Il allait atteindre le siècle puisque né le 19 octobre 1917 ! Son départ vers le Ciel, ce 10 septembre, nous fait mesurer la somme extraordinaire du travail qu’il aura accumulée en tant d’années. Une œuvre entièrement consacrée à la théologie, c’est-à-dire à la réflexion sur le mystère de Dieu, tel qu’il s’est révélé à nous. On se souviendra, bien sûr, de ce grand serviteur de la Vierge Marie qu’il aura été, mais Marie était la porte du Ciel, Janua Coeli, celle qui conduisait le plus sûrement à la connaissance et à l’amour de Dieu. Le théologien nous aura rendu un immense service en se faisant l’éclaireur du peuple des pauvres, celui des pèlerinages populaires, celui, justement, qui ne pouvait atteindre la science des savants, mais n’en recherchait pas moins le trésor de la foi : « Je te loue, Père, Seigneur du Ciel et de la Terre, de ce que tu as caché ces choses aux sages et aux intelligents, et de ce que tu les as révélées aux enfants. Oui, Père, je te loue de ce que tu l’as voulu ainsi » (Lc, 10,21).
L’abbé René Laurentin avait été pressenti par Mgr Théas, évêque de Lourdes, aussitôt après la guerre, pour devenir l’historien des apparitions de la grotte de Massabielle. Il s’attela à cette tâche, à partir de toutes les sources disponibles. Six volumes de récits en résultèrent, accompagnés de sept autres tomes de documents établis avec Dom Bernard Billet, moine bénédictin. Mgr Théas pourra se féliciter de cette œuvre de vérité : « Vraiment, après vous avoir lu, on découvre mieux la solidité et le sérieux du pèlerinage. Vous révélez le mystère de Lourdes et sa place dans la vie de l’Église. » On ne s’étonne pas ainsi que ce soit le père André Cabes, recteur des sanctuaires, qui ait, le premier, rendu hommage à l’historien et au théologien de Lourdes. Mais l’annonce de la mort de René Laurentin, en faisant le tour du monde, a dû éveiller la gratitude d’une multitude de responsables de pèlerinages, car rien de ce qui touchait aux apparitions mariales dans tous les continents ne lui était étranger.
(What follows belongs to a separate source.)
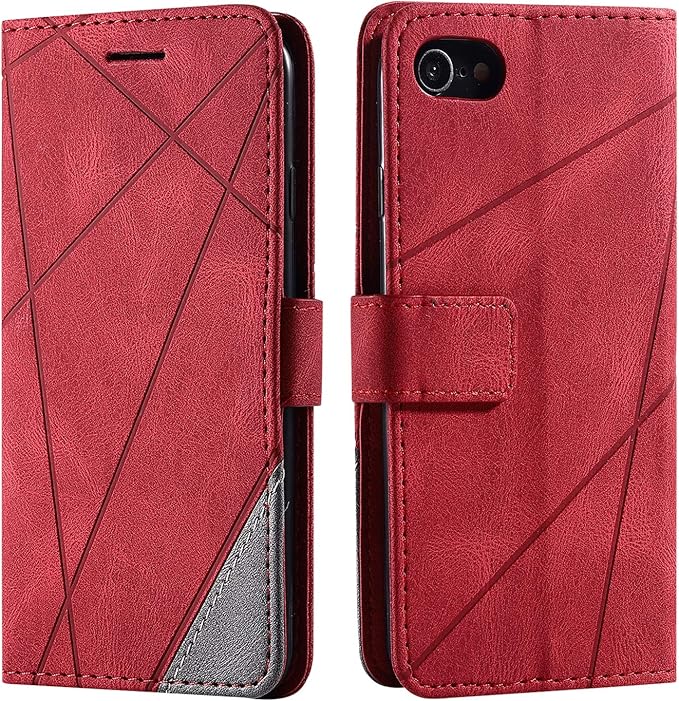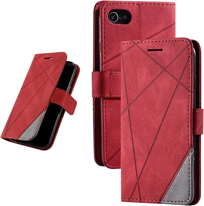 iPhone se(第三世代), iPhone se(第二世代),iPhone 8,iPhone 7兼用 手帳型 財布型 カード収納 スタンド機能 サイドマグネット TPUケース 軽量 ストラップホール 収納力 QI充電対応 横置き機能 あいふぉん あいほん アイフォン レザーケース ソフトシリコン マホケース 防指紋 レンズ保護 全面保護 (レッド)

Lorsqu’il résidait, il y a peu de temps encore, dans sa maison d’Évry, chez les sœurs de Notre-Dame de Sion, son fax ne cessait de crépiter avec la réception de documents qui venaient du monde entier et réclamaient son expertise.
Cette expertise était fondée sur sa connaissance particulière des révélations de la Vierge, elle était aussi enracinée dans une rumination approfondie de la Bible. Car il était un exégète très averti, d’autant qu’il était en décalage avec une critique biblique déconnectée du mystère. Il était, en même temps, un dogmaticien attaché à tout relier à la Révélation trinitaire. Personnellement, je puis dire que j’étais devenu son ami, comme collègue du journaliste qu’il avait été, pendant et au-delà du concile, au Figaro. Ce fut une grâce de l’avoir eu si longtemps parmi nous, avec ses dons multiples, par exemple d’extraordinaire enquêteur de terrain, toujours bon serviteur de l’Église. Aussi est-ce un Magnificat qui s’énonce sur nos lèvres, à l’encontre de la pensée qu’il nous ait quittés.